Persons of Nonbinary Gender — Awareness, Visibility, and Health Disparities by Liszewski, Walter; Peebles, J. Klint; Arron, Sarah and Yeung, Howa The New England Journal of Medicine, 12/2018, Volume 379, Issue 25, pp. 2391–2393
Two-spirit, agender, gender fluid, genderqueer, gender-nonconforming, third sex: whatever the terminology, in many cultures throughout history, some people have identified as neither male nor female, or as “nonbinary.” As our society’s concept of gender evolves, so does the visibility of contemporary nonbinary people. Yet many members of the medical community may not know how to interact with nonbinary patients respectfully or recognize their unique needs and barriers to care.
Nonbinary people’s gender identity lies outside the boundaries of a strict male–female dichotomy. As a gender identity, it is independent of biologic sex (male, female, or intersex) and sexual orientation (heterosexual, homosexual, bisexual, or pansexual). Nonbinary and transgender persons are considered gender minorities, but there may be differences between the two (see Glossary).
Current data on health disparities affecting gender minorities come from two large surveys: the 2011 National Transgender Discrimination Survey (6450 participants, 33% of whom did not identify as exclusively male or female and 14% of whom identified as gender-nonconforming) (transequality.org) and the 2015 U.S. Transgender Survey (27,715 participants, 31% of whom identified as nonbinary) (transequality.org). As compared with the general public in other studies, gender-minority persons are more likely to live in poverty (29% vs. 12%), be unemployed (15% vs. 5%), be uninsured (14% vs. 11%), be the victim of intimate-partner violence (24% vs. 18%), have attempted suicide (40% vs. 4.6%), have experienced severe psychological stress in the past month (39% vs. 5%), and have HIV (1.4% vs. 0.3%). Thirty percent have been homeless at some time, and 9% report having been physically assaulted in the previous year because of their gender identity. Gender-nonconforming persons are more likely than transgender persons to have experienced mistreatment in school (70% vs. 59%) or by the police (29% vs. 22%) and are less likely to be “out” in the workplace (33% vs. 44%) or with family (35% vs. 64%).
Nonbinary persons often receive inadequate medical care or face discrimination.
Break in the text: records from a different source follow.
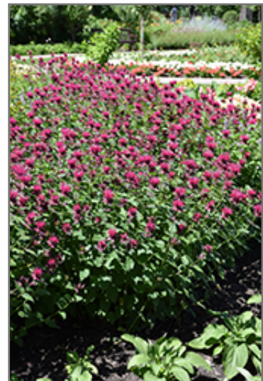
Raspberry Wine Beebalm in bloom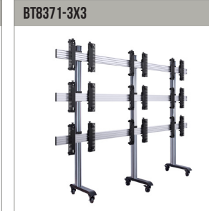
BT8371-3X3 Universal Mobile Videowall Stand for 3x3 Videowalls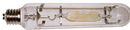
SMC TL35, TL90 LAMP HEL0434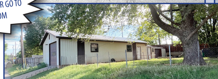
1800 SQUARE FOOT SHOP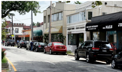
A view looking south on Middle Neck Road in Great Neck. Great Neck is Long Island's most walkable community, according to a George Washington University study.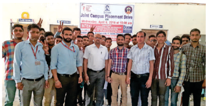
86 Students selected in Intex & Dixon

Among gender-minority patients, 19% have been refused treatment on the basis of their gender identity, 23% have avoided treatment in the previous year for fear of discrimination, and 33% have avoided medical care because of cost. These negative experiences may explain why in two studies, only 28% and 40% of gender-minority persons said that their health care provider was aware of their gender identity. Fear of discrimination is greater among nonbinary persons who are otherwise socioeconomically marginalized, such as people of color, disabled people, low-income people, and undocumented immigrants.